DE2331301A1 - Process for the production of foam molded articles from olefin polymers - Google Patents

Description

Badische Anilin · & Soda-Fabrik AG oo ^ -i

Our reference: O.Z. 29 944 Ks / Wil 67 OO Ludwigshafen, 19-6.1975

Process for the production of foam moldings from

Oil polymer resins

The invention relates to a process for the production of moldings from olefin polymers by mixing finely divided foamed olefin polymers with 0.5 to 4 grams, based on per liter of foam-like polyolefin particles, of a solvent-free curable binder, compressing the mixture by 40 to 80 % of the volume of the mixture in one Forming and curing the binder under pressure.
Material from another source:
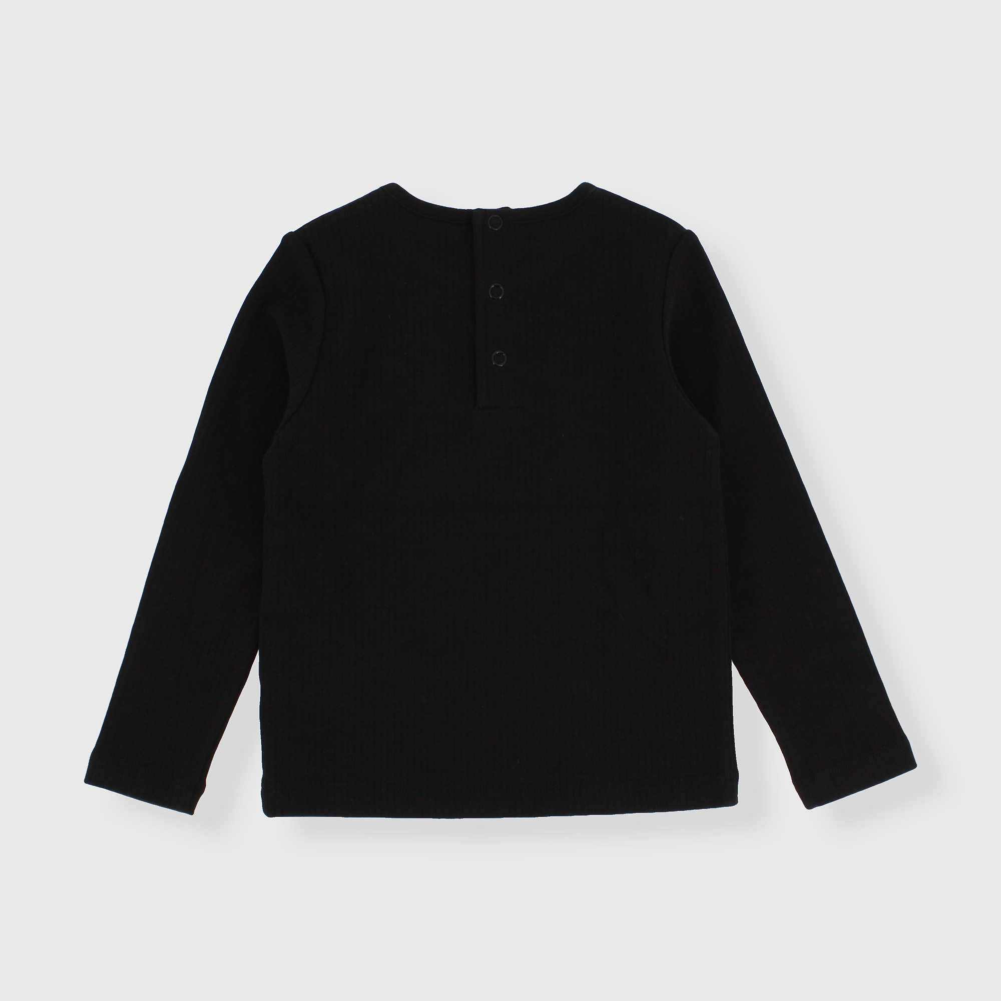 Maglietta a costine, girocollo, a maniche lunghe. Chiusura con bottoncini automatici sul retro.

From DT-AS 1 669 648 it is known to consist of foamed particles an olefin polymer with a curable binder coat and compress the coated part foamed particles in a mold. Once the binder has hardened is, the pressure is released. A flexible foam molding is obtained which has a very low density may have, for example between 15 and 30 g / l. The foams have good mechanical properties. However, it is disadvantageous that the moldings contain cavities. the Voids are created by the fact that air is trapped between particles when the pile of particles is compressed in the mold and is compressed. Because of the good sealing properties of the foamed particles, the entrapped air cannot escape.

The object of the invention is to provide the method described at the outset designed so that foam moldings are obtained, which no longer have voids.

The object is achieved in that the pressure in the form before or during the pressing together of the Mixture reduced by at least 50 Torr compared to atmospheric air pressure.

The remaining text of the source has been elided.